6 For who in the clouds can be compared to Jehovah? The prophet now proceeds to illustrate farther what he had said respecting God’s wonders, and exclaims emphatically, Who in the clouds can be compared to God? The reason why he speaks of the clouds, or heaven, is because, what is not surprising, nothing is to be found upon the earth which can at all approach the glory of God. Although man excels other living creatures, yet we see how contemptible and miserable his condition is, or rather, how full it is of shame and reproach. Whence it follows, that under heaven there is no excellence which can compete with that of God. But when we ascend to heaven, immediately ravished with admiration, we conceive of a multitude of gods, which do away with the true God. The last clause of the verse, in which it is said, that among the sons of the gods there is none like the true and only God, is an explanation of the first. The opinion of some, that by the clouds, or the heavens, is to be understood the sun, moon, and stars, is disproved by the context itself. The amount then is, that even in the heavens, God alone has the entire pre-eminence, having there none as a companion or equal. The appellation the sons of the gods is here given to angels, because they neither have their origin from the earth, nor are clothed with a corruptible body, but are celestial spirits, adorned with a Divine glory. It is not meant that they are a part of the Divine essence or substance, as some fanatics dream; but as God displays his power in them, this title is attributed to them, to distinguish between their nature and ours.
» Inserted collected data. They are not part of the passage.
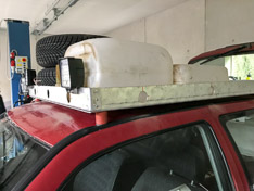 Die Konstruktion ist sozusagen "fail-safe": Man erstelle eine Wanne aus Alu-Blech, bohre 4 Löcher durch das Dach von Brunhilde, und schraube zwischen Alu-Wanne und Dach 4 Türstopper aus Gummi, um entsprechend Abstand und Dämpfung zu haben. Voilá, der Dachträger ist fertig :-D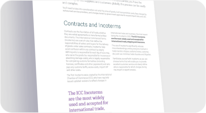 Understanding the complexities of importing and exporting Whilst trading internationally means that, as a small business, you have the opportunity to find suppliers and customers globally, the process can be costly and complex. You’ll need to take into consideration not only the price of goods, but transportation costs, fees charged by outsourced service providers, and charges levied by government agencies for export/import duty and VAT. Contracts and Incoterms Contracts are the foundation of all trade, whether international trade and business, the most recent they are verbal agreements or more formal written being the Incoterms 2020. The ICC Incoterms documents. The International Commercial Terms are the most widely used and accepted for (Incoterms) are a set of rules that define the international trade, shipping and insurance. responsibilities of sellers and buyers for the delivery The use of Incoterms significantly reduces of goods under sales contracts. Incoterms help misunderstandings among everyone involved in avoid confusion within any contract by clearly trade (vendor, shipper, customs broker, customer, defining who is responsible for each leg of a journey, etc.) and can minimise trade disputes and litigation. who owns the goods (i.e. responsible for insurance or absorbing damage costs), who is legally responsible Familiarise yourself with Incoterms so you can for completing customs formalities (including choose terms that will enable you to provide licenses, certificates and other paperwork) and who excellent customer service and clearly define pays any customs tariffs, excise costs, import VAT who is responsible for which charges during and other costs. the import or export process. The first Incoterms were created by the International Chamber of Commerce (ICC), who have regularly issued updated versions to reflect changes in The ICC Incoterms are the most widely used and accepted for international trade, shipping and insurance. The small business guide to import and export 4
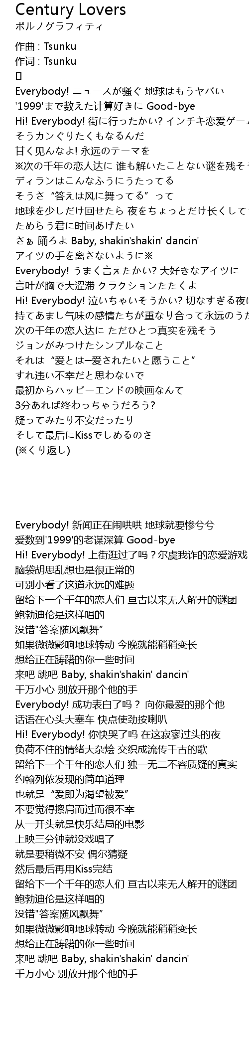 | Song | Century Lovers |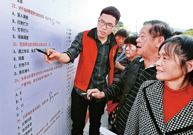 在掃黑除惡專項(xiàng)斗爭(zhēng)中,福建省福州市永泰縣發(fā)揮紀(jì)檢、政法、公安等職能部門聯(lián)動(dòng)作用,建立健全專項(xiàng)斗爭(zhēng)長效機(jī)制,發(fā)動(dòng)群眾檢舉揭發(fā)涉黑涉惡違法犯罪線索,深挖徹查黑惡勢(shì)力及其背后的“保護(hù)傘”,實(shí)現(xiàn)社會(huì)安定有序、人民安居樂業(yè)。圖為2020年1月6日,永泰縣群眾在掃黑除惡專項(xiàng)斗爭(zhēng)宣傳活動(dòng)上進(jìn)行知識(shí)競(jìng)答。 新華社記者 張國俊/攝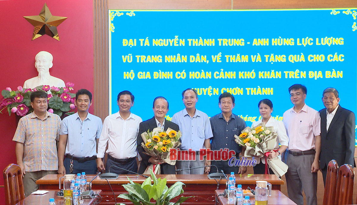 Đại tá Nguyễn Thành Trung đã trao tặng huyện Chơn Thành 50 triệu đồng và tặng 10 triệu đồng cho xã Nha Bích, để tặng quà cho các gia đình có hoàn cảnh khó khăn trên địa bàn. Anh hùng lực lượng vũ trang nhân dân Nguyễn Thành Trung mong muốn, Đảng bộ, chính quyền và nhân dân huyện Chơn Thành tiếp tục phát triển mạnh về kinh tế - xã hội, đặc biệt là phát triển công nghiệp, đưa Chơn Thành trở thành thị xã trong thời gian sớm nhất.

In short, although a greater majesty shines forth in the angels than in other creatures, at the contemplation of which we are ravished with admiration, yet come they not near God, so as to obscure and impair his glory by their excellence, or to share with him in the sovereignty of the universe. This is a point worthy of our careful attention; for, although God everywhere declares in his word that the angels are only his servants, and always ready to execute his commands, yet the world, not contented with having only one God, forges for itself a countless number of deities.

To the same effect is the following verse, in which it is affirmed, that God is very terrible in the assembly of the saints. In these words is censured that devilish superstition, to which almost all men are prone, of exalting angels beyond measure, and without reason. But if the angels themselves tremble, and are afraid before the Divine Majesty, why should they not be regarded as subjects, and kept in their own rank, that God alone may have the sovereignty entirely to himself? Farther, when they are represented as around God, the meaning is, that they surround his royal throne like body-guards, and are always ready to execute his behests. In the subsequent verse the same thing is repeated yet again, Who is a strong God as thou art? and this is done, that at least the fear of the Divine Majesty may teach us to beware of robbing him of the honor which belongs to him. That we may not, however, by too much fear, be prevented from approaching him, some portion of sweetness is intermingled with this description, when it is declared, that his truth is to be seen round about him on all sides; by which we are to understand, that God is always steadfast in his promises, and that whatever changes may happen, he nevertheless continues invariably true, both before and behind, on the right hand and on the left. 528528     Ainsworth reads, “God is daunting terrible.” The original word is נערף, naarats, from ערף, arats, he was broken, bruised, terrified. “An epithet of God,” says Bythner “as though breaking all things.”